Ты мне позвонил хоть раз, от радости или с горя, все равно, но позвонил? Ты выбросил меня, как перегоревший утюг, и вычеркнул меня из своей жизни, и тебе было все равно, где я, болею я или здорова, или меня бьет муж-алкоголик, или что-нибудь там еще… Тебе было все равно… И я подумала, что все, что я могу для тебя сделать, – это кастрировать, ибо духовно – ты уже кастрат: кто-то ампутировал твою душу и вместо нее ничего не дал взамен… Ну что тут скажешь…
– Гапка меня околдовала. А ты вообще решила меня доконать… Даже если ты права и, этой, как ее, души у меня уже нет, – только и нашелся сказать пораженный таким ходом событий Голова, – то, во-первых, неправда, что я тебя никогда не вспоминал, совсем неправда. Очень даже вспоминал, особенно в первое время…
– Знаю, какой ты меня вспоминал, можешь не говорить, но я это все для тебя вытворяла, чтобы ты угомонился и не пожирал глазами всех женщин подряд… Да что там говорить, надо было тебя еще тогда…
– Да что ты зациклилась на операции! – не выдержал Голова. – Да посмотри ты вокруг себя – все живут, как могут, и никто никого, кроме котов, не кастрирует. Злодейка!
В возмущении он покрутил пальцем возле виска. Галочка пожала плечами, что-то сказала водителю, и машины тронулись и исчезли из виду, а снег тут же замел отпечатки шин и можно было подумать, что Голове просто приснился страшный сон.
Так толком и не поужинав и совершенно изнервничавшись, Голова оказался все на той же тахте, под тем же, по сезону, ватным одеялом. «Ну неужели не бывает по-настоящему добрых и ласковых женщин? – засыпая думал он. – А если бывают, то где их искать? И хотят ли они, чтобы их нашли? И как умудриться не тратить на них деньги?». Но вместо гурий ему приснился кот Васька, который нудил про то, как утомительно быть привидением кота, и требовал к себе внимания и ласки. А потом оказалось, что это вовсе и не сон, а кот на самом деле сидит у него в ногах и утверждает, что сидеть будет всю ночь, потому как для него единственный способ развеять тоску – на кого-нибудь ее нагнать.

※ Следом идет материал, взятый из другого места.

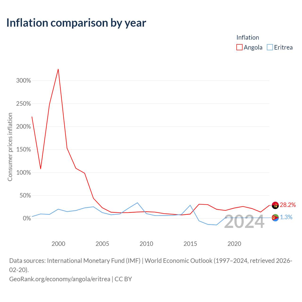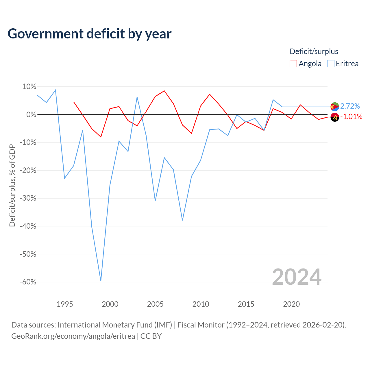 Angola has a GDP of $101B compared to $2.07B for Eritrea, ranking 71/197 and 179/197 by economy size, respectively.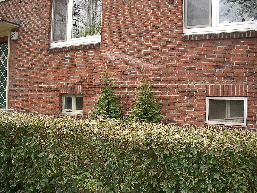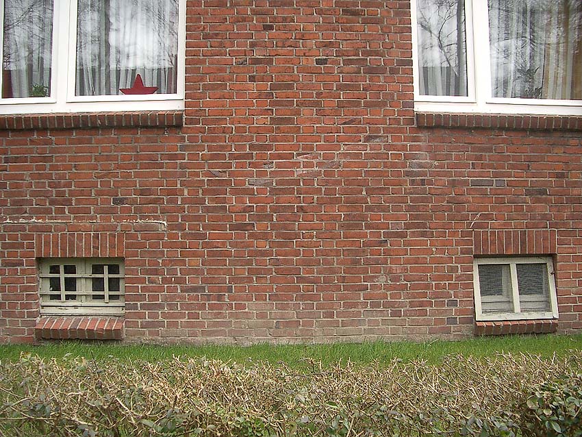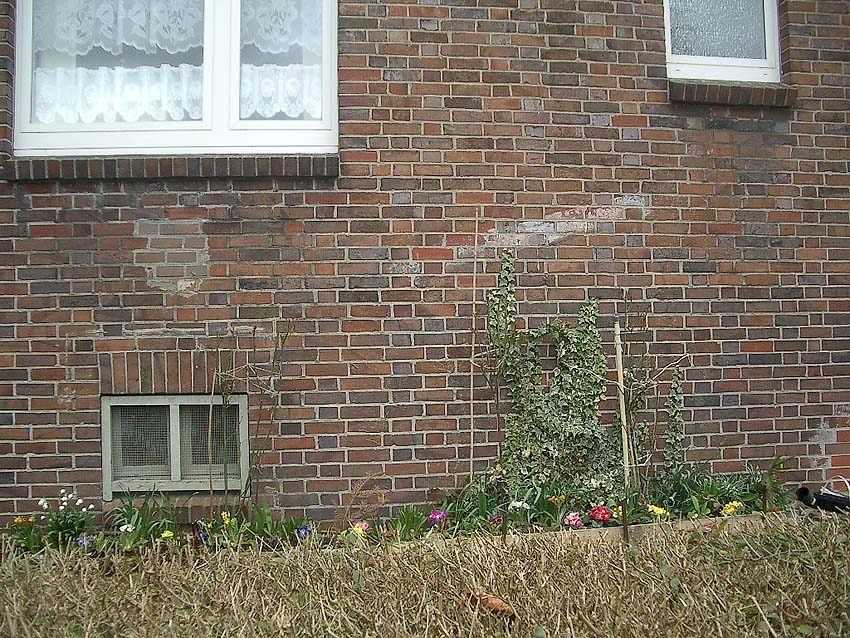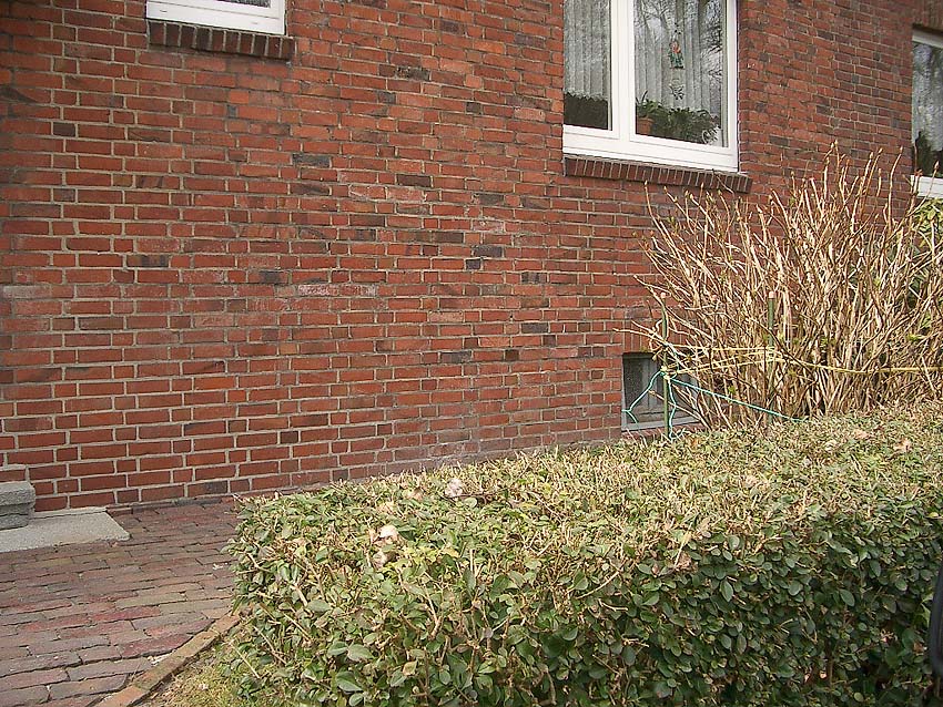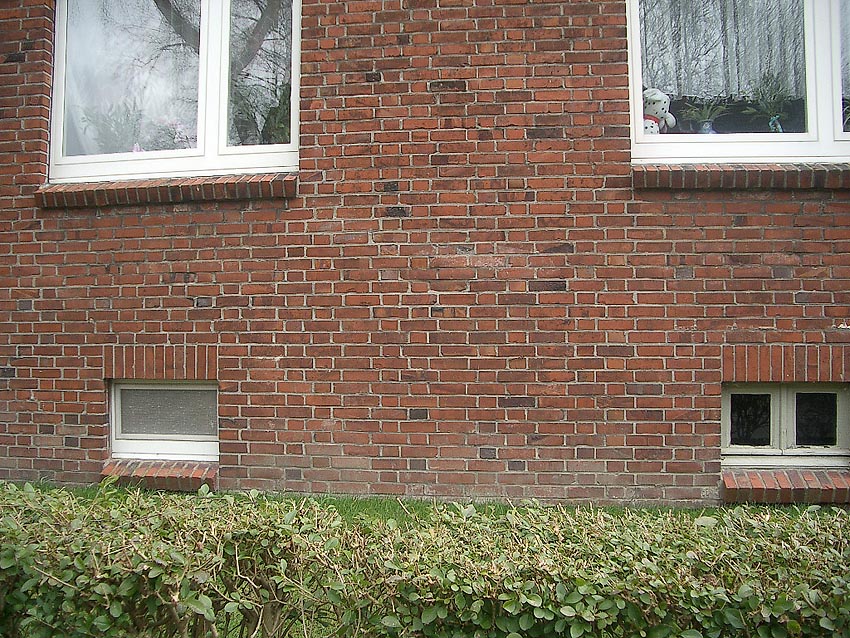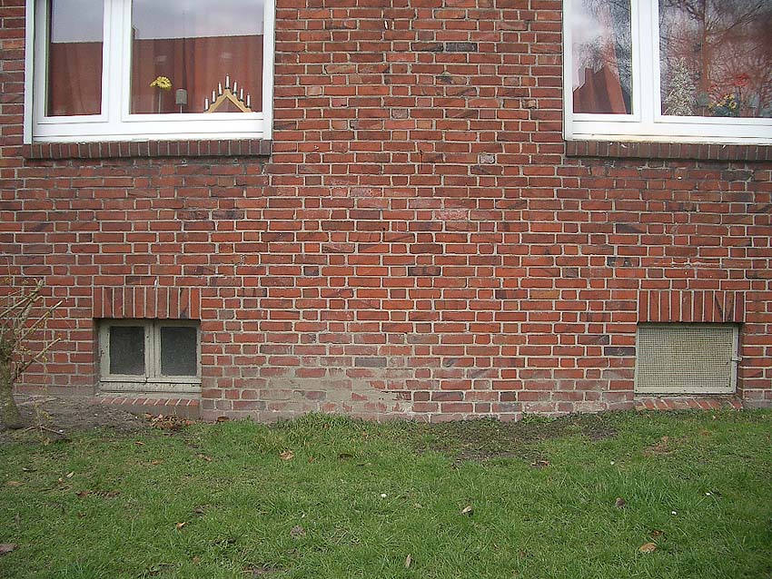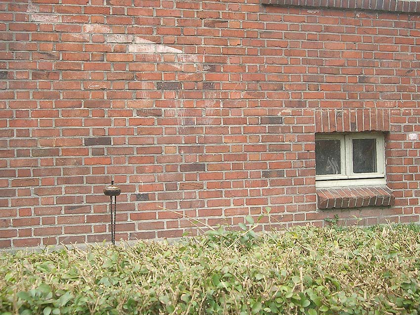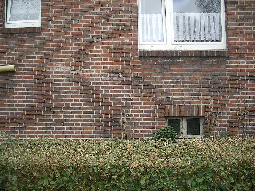 Auch vor den nachfolgend abgebildeten ehemaligen LS-Kellerfenstern waren wie vor diversen anderen Kellerfenstern im Stadtgebiet Betonblöcke gelagert worden. Sie sollten Schutz vor Detonationsdruck bieten. Auch auf den nachfolgenden Bildern sind Reste der Putzfugendichtung teilweise noch gut zu erkennen...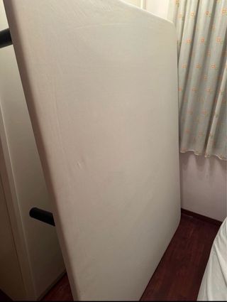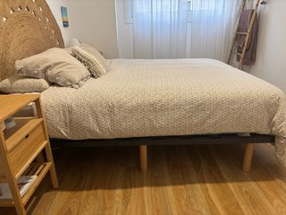 Cama completa, somier de 9 patas para mayor confort, tiene poco tiempo de uso. El colchón esta como nuevo, el somier tiene algunas marcas, pero una vez puesta la ropa de cama no se ve nada.

– Васька, уберись, а, – просил Голова его жалобным голосом, – я и так сегодня устал…
– Знаю, знаю, – кастрировать тебя хотела Галка. Да не пофартило ей – удрал ты, гад.
– Ну ты вообще! – от возмущения вскричал Голова. – Тебя-то я и не думал кастрировать, хотя ты таскался где-то вместо того, чтобы ловить мышей, которых, как ты сам говоришь, в доме превеликое множество.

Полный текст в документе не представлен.